To many, the marketing and communications department may seem like nothing more than a method to attract potential students. However, the truth is that the responsibility for attracting new students actually belongs to the Office of Student Recruitment and Admissions. The marketing and communications department plays a whole different game.

The department’s role

“We develop, direct, and plan all the marketing and communications initiatives that tell the story of the University of Toronto Mississauga,” says Stirling. “We look after the brand of UTM and any marketing, external marketing, and advertising flows through our office.

“We cover a broad swath of areas in terms of promoting the university. Nicolle [Wahl] does a lot of work on the digital side of the house and the social media side. We promote events, researchers, and research at the university through our media relations,” says Stirling.

For example, the Boundless campaign was a central initiative to all three campuses. “It started very much as a fundraiser tool,” describes Stirling. “It [then] broadened to all three campuses and stakeholder groups to encompass the endless and boundless possibilities that exist within the University of Toronto.”

According to Stirling, the department’s potential audience includes the media, the government, the surrounding community, donors, potential donors, and even faculty.

“We look after the philanthropy—[for example] if there are donors who want to give to a building or a project at UTM. We work with the fundraisers at the university on the communications material,” she continued. For example, Terrence Donnelly’s donation of $12 million helped establish the Terrence Donnelly Health Sciences Complex here at UTM.

Aside from attracting potential donors, government relations are one of the top priorities to the department, as the “campus is intricately tied to the City of Mississauga and Region of Peel”.

“All three campuses put [their own] imprint into marketing. One of the foci that UTM has—that the other two campuses may not—is [that] we’re really about city building,” explains Stirling. “Two years ago, we received a big investment from the City of Mississauga of $10 million.”

Additionally, the department focuses on developing UTM’s relations with the surrounding community. “By community relations, what I mean is that we work closely with the City of Mississauga [when] issues or problems pop up […] We used to have Mayor McCallion [visit often]—it was like her second home when she was in power with the City of Mississauga,” says Stirling.

“We now have this Brampton initiative—joining with the City of Brampton to have some kind of facility in Brampton down the road. So there’s a lot of government relations that happens on this campus and any of the communications portion comes to me and Wahl.”

UTM’s selling points

“One of the huge selling points is how critical we are to developing the human talent—the young people who are coming up and going to go out there and be leaders for the community—we’re developing that human talent,” says Stirling. “We’re really, in terms of the city building and reaching out to the international community, driving human talent, which is really critical here at UTM.”

To Wahl, UTM’s unique academic programs—such as IMI, the forensic sciences department, and MAM—help give it an edge over competing universities.

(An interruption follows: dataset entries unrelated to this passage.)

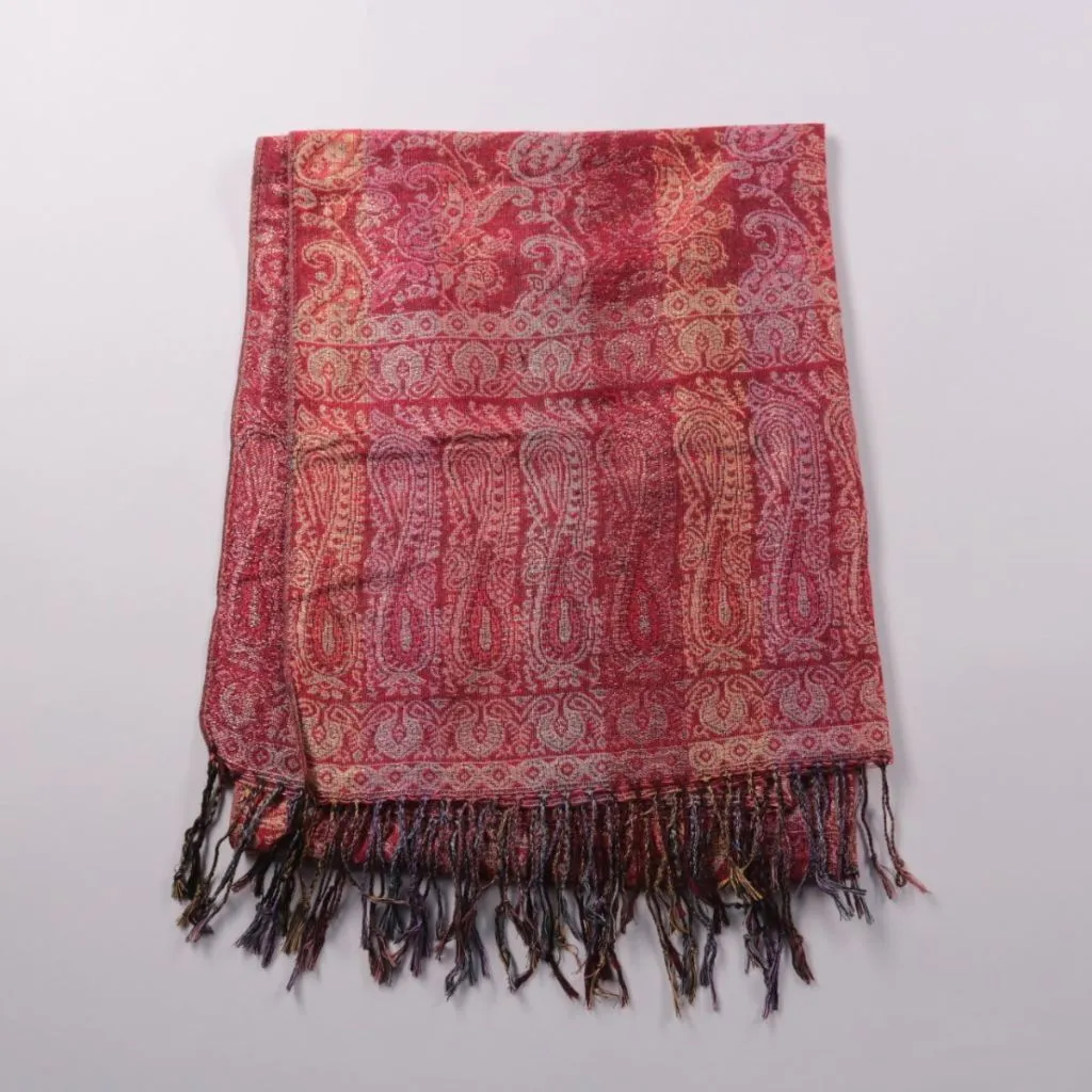 Шарф-палантин с узором пейсли в бордово-красной гамме и бахромой по краю. Подойдёт для повседневных образов и поездок, когда нужно добавить тепла и цвета. Можно носить как шарф или накидывать на плечи, он легко складывается и не занимает много места.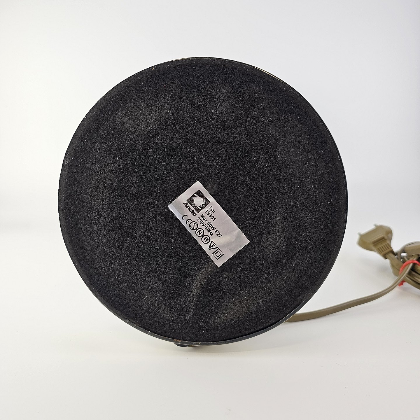 Beskrivelse: Bordlampe med fod i messing og skærm af grønt/hvid glas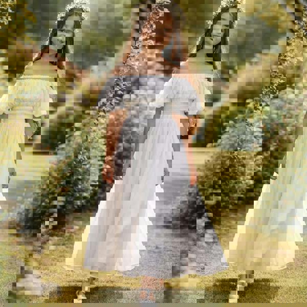 At the back, a delicate open-back detail is finished with an oversized statement bow, adding a whimsical, heirloom touch while allowing adjustability and comfort. The gathered waist continues through the back, ensuring the dress is as practical as it is beautiful.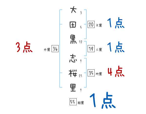 外運![]() | 大田黒志桜里さんの外運は36画の3つ星!先見性が豊かです。多少神経質で苦労することも。 生活面を象徴する運勢です。外部から受ける影響力を表し、結婚運、家庭運や職場、環境への順応性を表します。 |

“Frankly, we [also] have a tremendous campus experience,” she adds. “People are always talking about the physical environment here at UTM and that it’s just so beautiful. There are so many rich student experiences that you can have, such as going off to Guatemala to learn about types of fair trade.”

Overcoming controversy

The department’s work isn’t limited to reaching out to potential donors and building relations—occasionally, emergencies and controversies surface that have to be dealt with immediately.

“If there are any problematic things or emergency messaging things, or snow closures that happen and a group of people have to find out very quickly, that goes through our office as well,” says Stirling.

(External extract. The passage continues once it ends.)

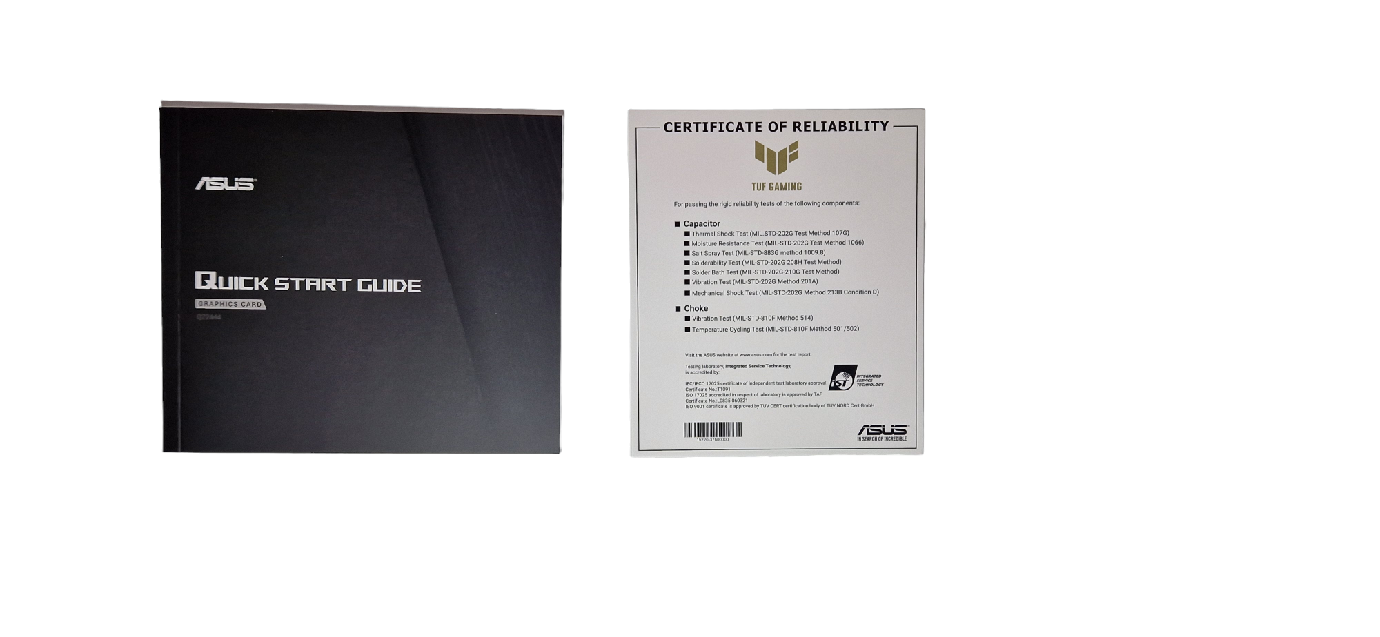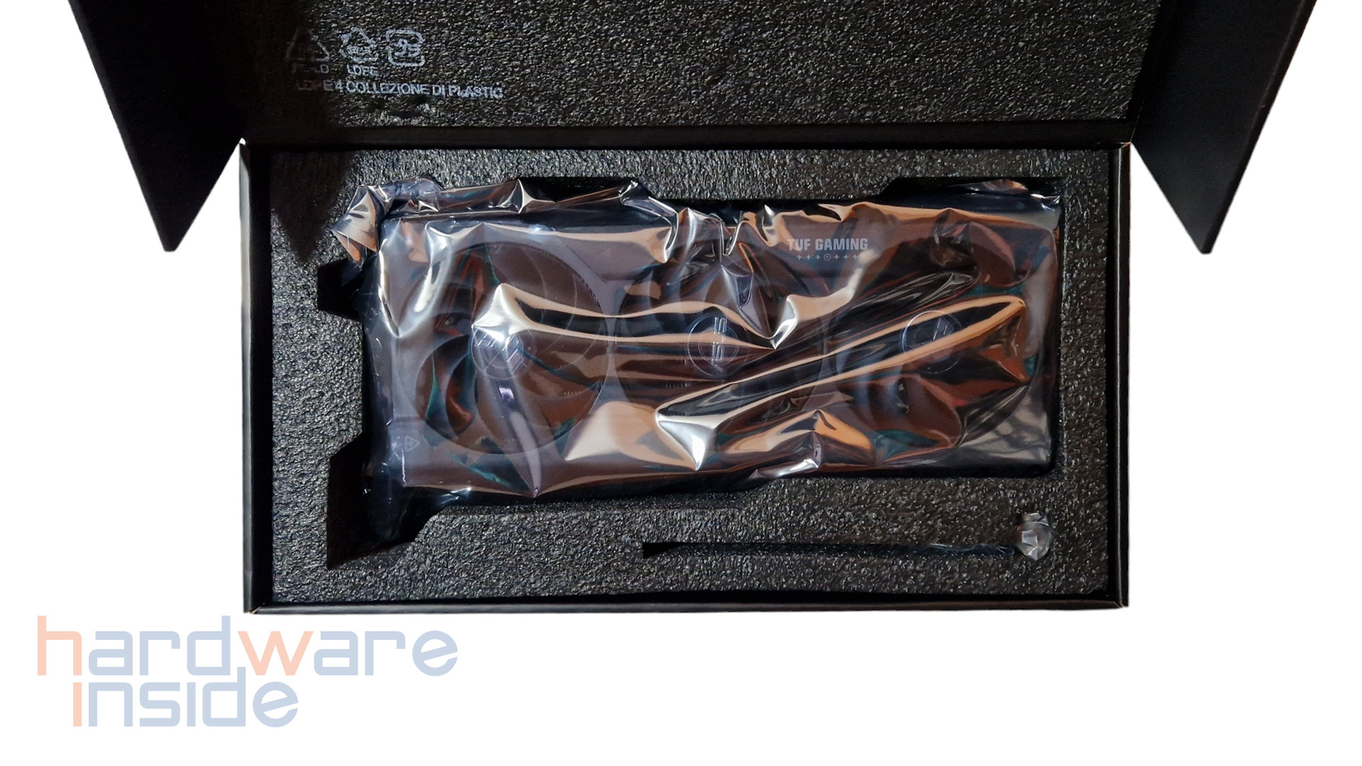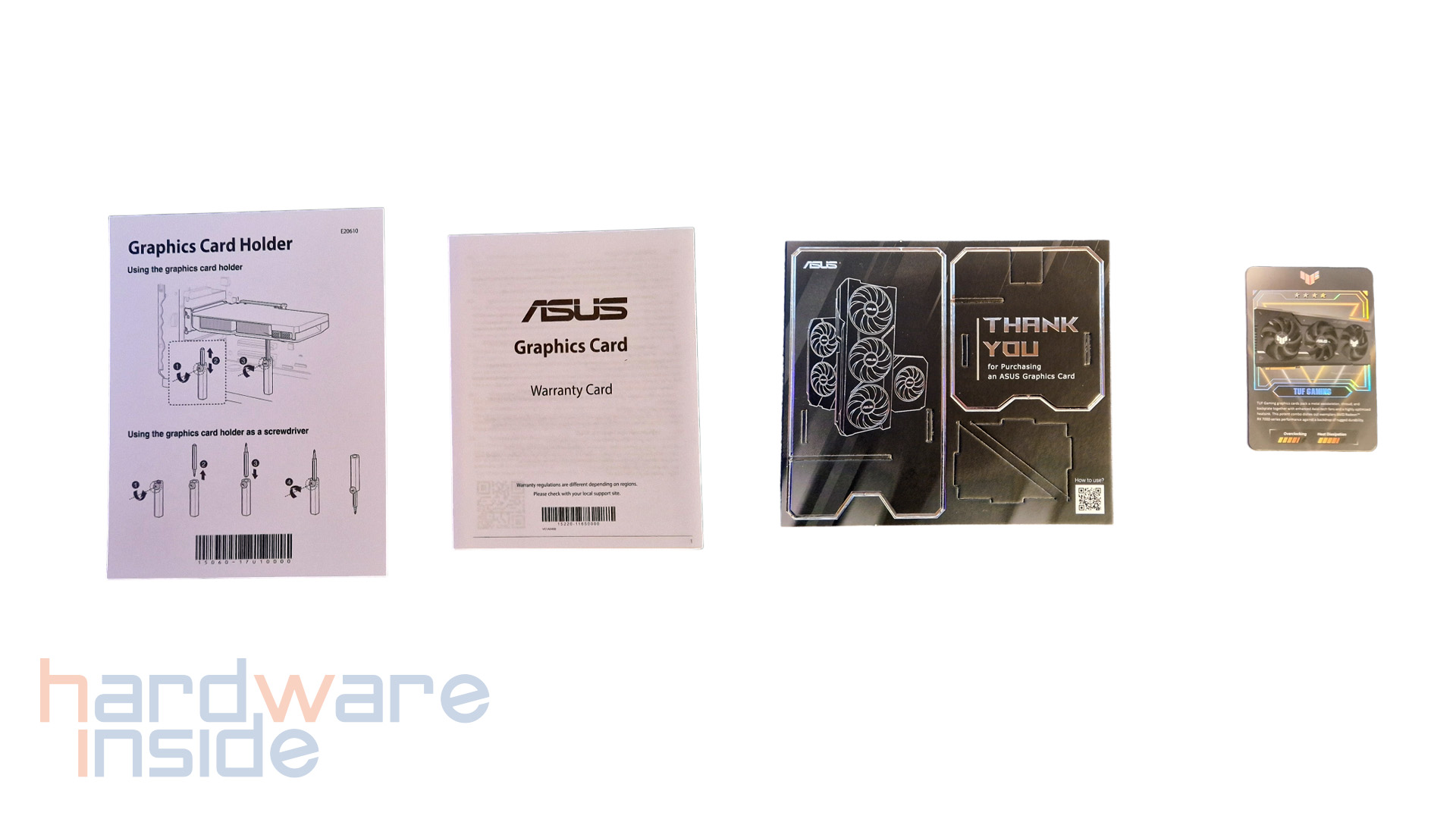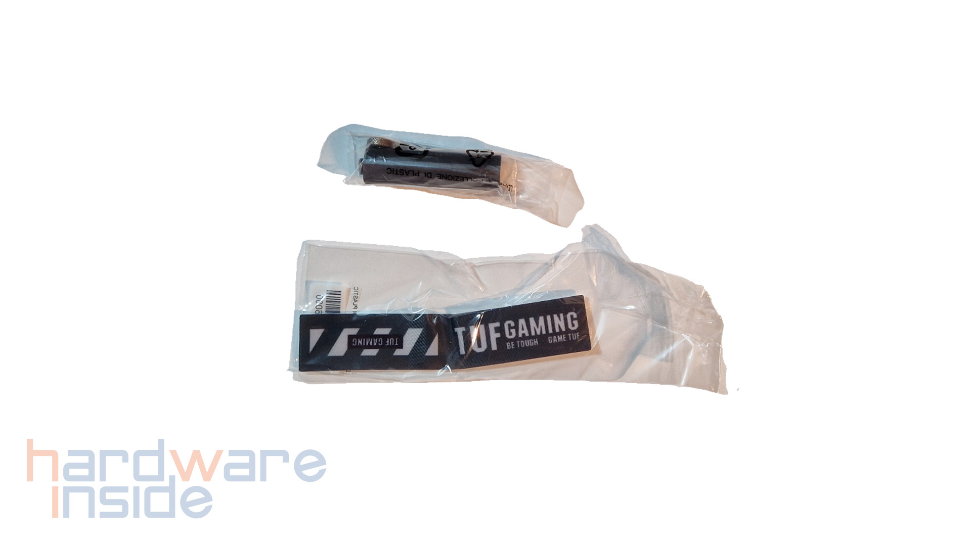 Der Lieferumfang fällt sehr üppig aus. Neben der TUF 7800XT 016G Gaming OC die sicher in Antistatik-Folie verpackt ist, befindet sich neben einem Klett-Kabelbinder und einem Grafikkartenhalter noch eine kleine Kartonage, die unter der Grafikkarte verstaut ist, mit folgendem Inhalt:

Regarding the recent online blog threats, Wahl comments, “It’s something that comes up. On a daily basis, we’re watching social media; we’re watching different blogs or subreddits.”

“When we were first made aware of [the threats], obviously we wanted to go out and check to see if there were any digital echoes. At that point, it had already been taken down from the original site,” says Wahl. “But we really wanted to check and see if the digital space had any other signs of that kind of language out there.

“One of the really great things about social media is that it allows us to open up that side of the conversation and really reach out to people, and engage people that way and to sort of take back the space when you see that kind of language being put out there. One [of the] positive things that came out of that was the sense of unity. That we were all going to stand up together to create a safe space.”

Donations and influence

One concern that comes to mind when thinking about the marketing and communications department is the tightrope between a donor’s funding and the influence they can exert.

When asked about how far a donor can influence academic programs at UTM, Stirling immediately shut down any lingering qualms. “There might be a misconception amongst students that when you solicit a donor’s support for something, those donors have a huge say in the whole academic realm of a program or of an institute,” she says. “And that’s wrong. The university has very, very strict guidelines on how involved a donor can be. And it’s very minimal—minimal to non-existent—in terms of directing any kind of academic program.

“Just because a donor gives money to a program or to an institute that doesn’t mean that that donor has any kind of say in terms of the direction of that academic program or institute.”

Wahl adds, “The academic priorities of the university [always] come first.”